How is the spontaneity of an exothermic reaction changed when temperature is decreased? Assuming the entropy is negative.
Using Gibbs free energy equation, $\Delta G=\Delta H-T\Delta S$, $\Delta G$ should become less negative as temperature is decreased meaning the reaction is less spontaneous. However, using Le Chatelier's principle, as temperature decreases the reaction should shift towards the right towards the products, becoming more spontaneous.
What's wrong here?
The key is $\Delta G = -RT \ln K$.
The $T$ specifically is causing your reasoning to be flawed, as it complicates the link between temperature dependence of the equilibrium constant and $\Delta G$.

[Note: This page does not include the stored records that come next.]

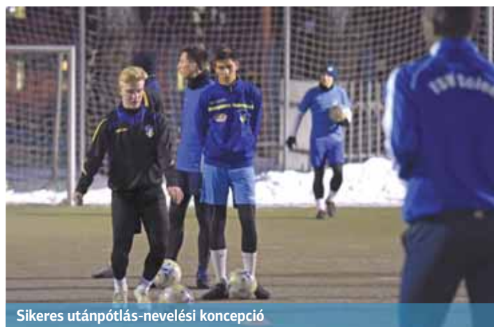
Sikeres utánpótlás-nevelési koncepció
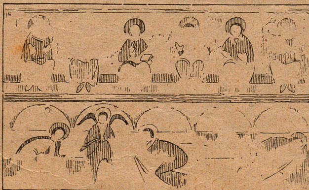
Pintures del cantó del Evangeli
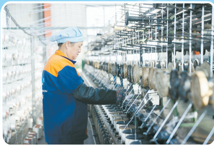
山力铂纳橡胶机带有限公司以科技赋能,积极打造煤机装备“新高地”
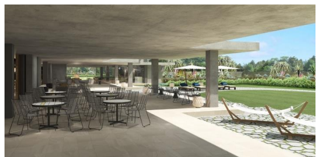
▲出発ラウンジ・テラス 完成予想 CG
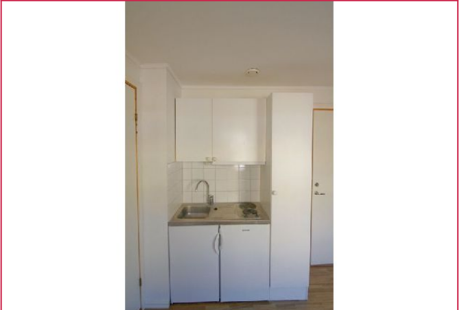
Hybelkjøkken inneholder steketopp og kjøleskap med en liten fryseboks.
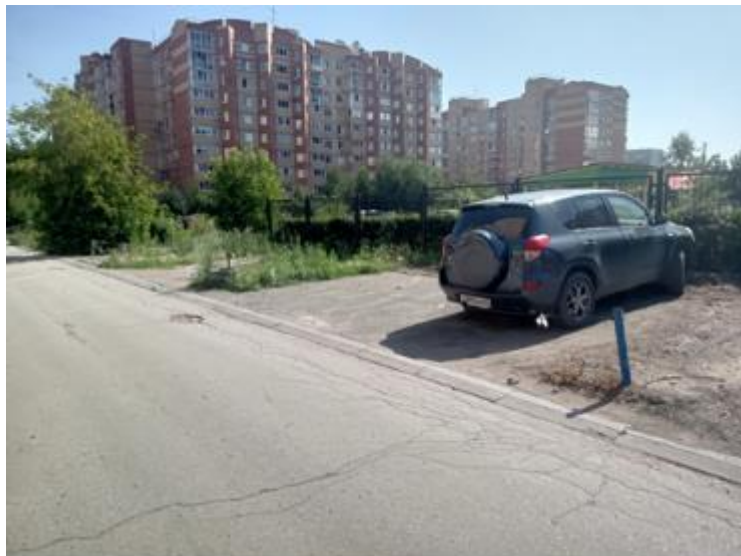
г. Омск, Кировский АО, в 20-38 м. юго-восточнее многоквартирного дома № 2 корпус 1 по ул. Туполева
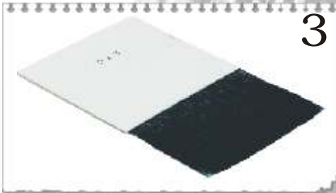
3 44/60 : PALETTE PETIT GRIS EXTRA FIN
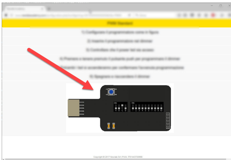
ESEMPIO DI CONFIGURAZIONE DEL L392MA - FIGURA N. 2
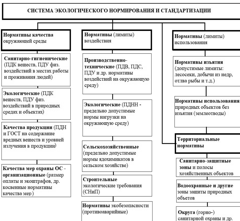
Рис. 1-1. Система экологических нормативов и стандартов (Макаров, 2013)

ПДТН – предельно допустимая техногенная нагрузка, предельно допустимая экологическая нагрузка; величина максимального нарушения естественной среды территории в результате изъятия природных ресурсов и загрязнения среды, не выходящая за пределы экологической техноёмкости территории.

$-RT \ln K = \Delta H-T\Delta S$
$-R \ln K = \frac{\Delta H}{T}-\Delta S$
In this form you can see that (at least to the extent that $\Delta H$ and $\Delta S$ are temperature independent), the sign of $\Delta H$ (meaning whether the reaction is endothermic or exothermic) determines whether or not temperature change favors the forward or the reverse reaction. You can also see that the sign of $\Delta S$ is irrelavent.
For an exothermic reaction, $\Delta H$ is negative. If $T$ decreases, $\frac{\Delta H}{T}$ and becomes a larger magnitude negative number, $-R\ln K$ decreases, $R\ln K$ increases therefore $K$ increases and the reaction shifts forward.